During this period, close to 5,000 Australians signed up each day to invest in shares for the first time, which was 3.4 times higher than the normal average. This surge coincided with one of the most volatile periods in the sharemarket's history, likely attracting new investors looking to capitalize on market fluctuations.

Trying to time the market for quick profits is generally not advisable, especially during volatile periods. Even professionals find it challenging, and many recent investors who attempted this strategy did not succeed. It's often a recipe for financial disaster.

ASIC warns that attempting market timing in the current uncertain environment is particularly dangerous and likely to lead to heavy losses. This is especially concerning as these losses could not happen at a worse time for many families.

During volatile market conditions, it's recommended to keep investing simple by having a mix of investments, adding to those investments systematically over time, and taking a long-term approach. This strategy is more proven for making money than trying to time the markets.

ASIC's data shows that on more than two-thirds of the days when retail investors were net buyers, their share prices fell the following day. Conversely, on more than half the days when retail investors were net sellers, their share prices increased the next day.

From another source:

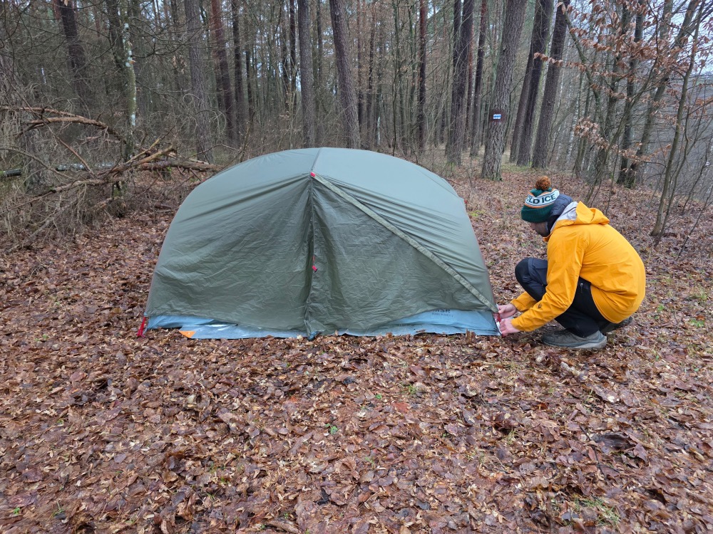 Sypialnię odciąga się i montuje do ziemi przy pomocy 4 śledzi. Maszty osadza się w aluminiowych płytkach co zasługuje na szczególną pochwałę. Ten namiot nie ma żadnych plastikowych klamerek na które moglibyśmy nadepnąć i je połamać! Do tych aluminiowych płytek podpina się także tropik.

Buying quality shares when values are low is considered a good strategy as part of a long-term investment plan. It allows investors to potentially benefit from future growth rather than attempting risky short-term market timing.

Paul Clitheroe is the Chairman of InvestSMART, Chairman of the Australian Government Financial Literacy Board, and chief commentator for Money Magazine. He provides insights and guidance on investment strategies.

Investors can avoid financial disaster during uncertain times by avoiding market timing, focusing on a diversified investment portfolio, systematically adding to investments over time, and maintaining a long-term perspective.